Tin ore production in 2000 totaled 1,930 tons (metal content), most of it exported; tin was mined mainly on the southern peninsula—52% was produced from offshore dredging. Tin production has been steadily declining in the face of falling world prices and output curbs. Tungsten output (metal content) was 30 tons. Other metal minerals exploited on a small scale included antimony, cadmium, iron ore, lead, manganese, tantalum, zinc, and zirconium. Exports of 155 tons of tantalum metal powder earned $42 million in 2000. Iron ore production dropped to 50 tons (metal content), from 61,000 tons in 1999, because iron ore mining operations stopped in the provinces of Nakhon Si Thammarat, Phetchabun, and Prachuap Khiri Khan. No gold or silver was produced in 1997–2000, nor monazite rare earths in 1998–2000. Development of Akara Mining's open-pit operation began in 2000 on the Chatree gold project (eastern edge of Chao Phraya Basin), and the 1.5 million ton per year operation was expected to produce 4,449 kg per year during its first three years, beginning in 2001. Total measured, indicated, and inferred resources for Akara Mining's area of exploration were 14.5 million tons (2.6 grams per ton of gold and 12 grams per ton of silver), of which proven and probable reserves were 8.2 million tons (3.1 grams per ton of gold and 14 grams per ton of silver).

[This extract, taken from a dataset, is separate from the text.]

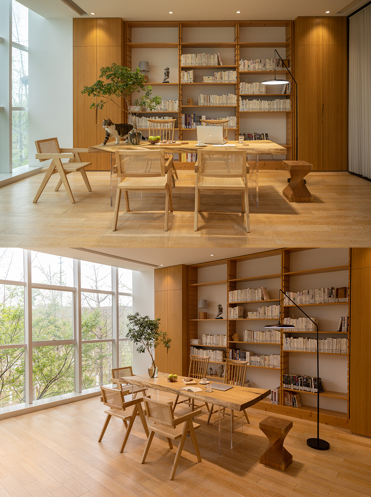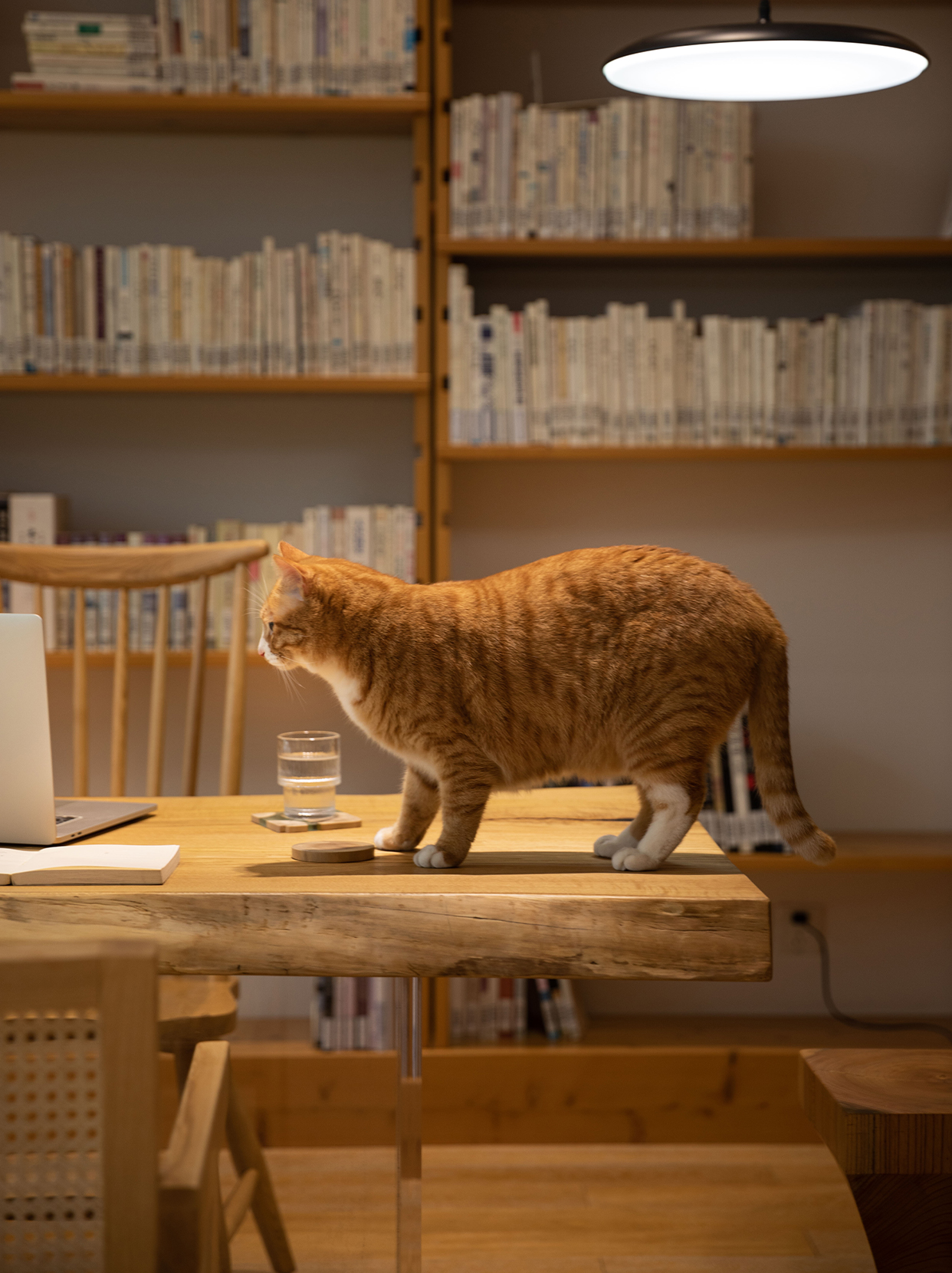 舍去一間小臥室,把大書桌放在客廳。做一個書墻,一面落地窗,養(yǎng)幾盆綠植。雨天的時候,開一盞溫暖的燈,就著一杯茶,可以發(fā)呆擼一天的貓。

Among industrial minerals, feldspar output was 542,991 tons, down from 684,983 in 1996; gypsum production was 5.83 million tons, down from 8.56 million tons in 1997—72% of gypsum came from Nakhon Si Thammarat and Surat Thani, and 4.2 million tons were exported, earning $46 million. Hydraulic cement production was 25.5 million tons, down from 37.1 million tons in 1997. Thailand also produced barite, ball clay, kaolin clay, diatomite, metallurgical-grade fluorspar, gemstones (rubies, sapphires, topaz, and zircon), phosphate rock, salt, silica sand (glass), stone (calcite, dolomite, limestone, marble, marl, quartz, and shale), and talc and pyrophyllite. In addition, resources of bentonite and copper have been identified; bentonite has been mined. Exploration in the past five years has focused on copper, gold, and potash. Thailand could soon become an important producer of potash in Asia and the Pacific region—the Somboon deposit was estimated to contain more than 300 million tons of sylvinite ore, with prospects for a 2 million ton per year potash mine, and the Udon deposit was estimated to contain more resources than the Somboon deposit. One copper deposit, at the Puthep project, near Loei, had ore reserves of 42 million tons of heap-leachable ore at a grade of 0.52% copper.
The government's underlying policy has been to conserve the country's mineral resources and to shift the emphasis to exploration, development, and exploitation of minerals consumed domestically, such as ball clay, feldspar, gypsum, kaolin, silica sand, limestone, lignite, phosphate, potash, rock salt, and zinc, and away from minerals that were predominantly exported, such as antimony, barite, fluorite, tantalum-columbium, tin, and tungsten. Thailand's mining industry consisted of a small mining and mineral-processing sector of ferrous and nonferrous metals and a large mining and mineral-processing sector of industrial minerals. All mining and mineral-processing businesses except coal, natural gas, and crude petroleum were owned and operated by private companies.